The following example an isc_prometheus.yml file created using the configuration GUI screens in SAM. The file shows two clusters. One cluster is monitoring the sam instance itself, the other cluster is monitoring five IRIS instances.

alerting:
  alertmanagers:
  - static_configs:
    - targets:
      - alertmanager:9093
global:
  evaluation_interval: 15s
  scrape_interval: 15s
remote_read:
- url: http://iris:52773/api/sam/private/db/read
remote_write:
- url: http://iris:52773/api/sam/private/db/write
rule_files:
- ./isc_alert_rules.yml
scrape_configs:
- job_name: SAM
  metrics_path: /api/monitor/metrics
  scheme: http
  static_configs:
  - labels:
      cluster: "1"
    targets:
    - mysaminstance.mycompany.com:8080
  - labels:
      cluster: "2"
    targets:
    - myiristarget1:52776
    - myiristarget2:52776
    - myiristarget3:52776
    - myiristarget4:52776
    - myiristarget5:52776
  • To add scarping of additional targets running node-exporter the following is added to the bottom of the isc_prometheus.yml file. Note the API metrics_path is different to IRIS.
alerting:
  alertmanagers:
  - static_configs:
    - targets:
      - alertmanager:9093
global:
  evaluation_interval: 15s
  scrape_interval: 15s
remote_read:
- url: http://iris:52773/api/sam/private/db/read
remote_write:
- url: http://iris:52773/api/sam/private/db/write
rule_files:
- ./isc_alert_rules.yml
scrape_configs:
- job_name: SAM
  metrics_path: /api/monitor/metrics
  scheme: http
  static_configs:
  - labels:
      cluster: "1"
    targets:
    - iscsydsam.iscinternal.com:8080
  - labels:
      cluster: "2"
    targets:
    - myiristarget1:52776
    - myiristarget2:52776
    - myiristarget3:52776
    - myiristarget4:52776
    - myiristarget5:52776
- job_name: node_shard1
  metrics_path: /metrics
  scheme: http
  static_configs:
  - labels:
      cluster: "2"
      group: node
    targets:
    - myiristarget1:9100
- job_name: node_shard2
  metrics_path: /metrics
  scheme: http
  static_configs:
  - labels:
      cluster: "2"
      group: node
    targets:
    - myiristarget2:9100
- job_name: node_shard3
  metrics_path: /metrics
  scheme: http
  static_configs:
  - labels:
      cluster: "2"
      group: node
    targets:
    - myiristarget3:9100
- job_name: node_shard4
  metrics_path: /metrics
  scheme: http
  static_configs:
  - labels:
      cluster: "2"
      group: node
    targets:
    - myiristarget4:9100
- job_name: node_shard5
  metrics_path: /metrics
  scheme: http
  static_configs:
  - labels:
      cluster: "2"
      group: node
    targets:
    - myiristarget5:9100
  • Then stop and start SAM using the supplied docker-compose shell scripts;
./stop.sh
./start.sh

SAM is now collecting metrics from the IRIS instances you added through the GUI and from node-exporter on the same instances.

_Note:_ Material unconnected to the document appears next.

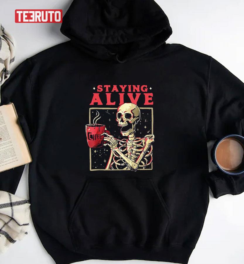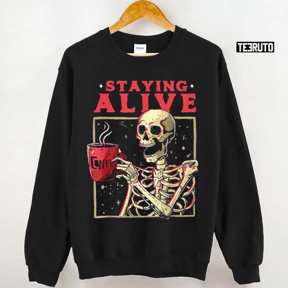 Staying Alive Skeleton Drink Coffee Halloween Unisex T-Shirt

6. Increase the number of days prometheus collects metrics

In the first-release of SAM you can change the number of days to collect metrics in the GUI. However, I had an issue displaying all the metrics. Until I figure whats happening I changed the retention days in Prometheus, otherwise SAM will collect data; but you will not see metrics in Prometheus queries in Grafana.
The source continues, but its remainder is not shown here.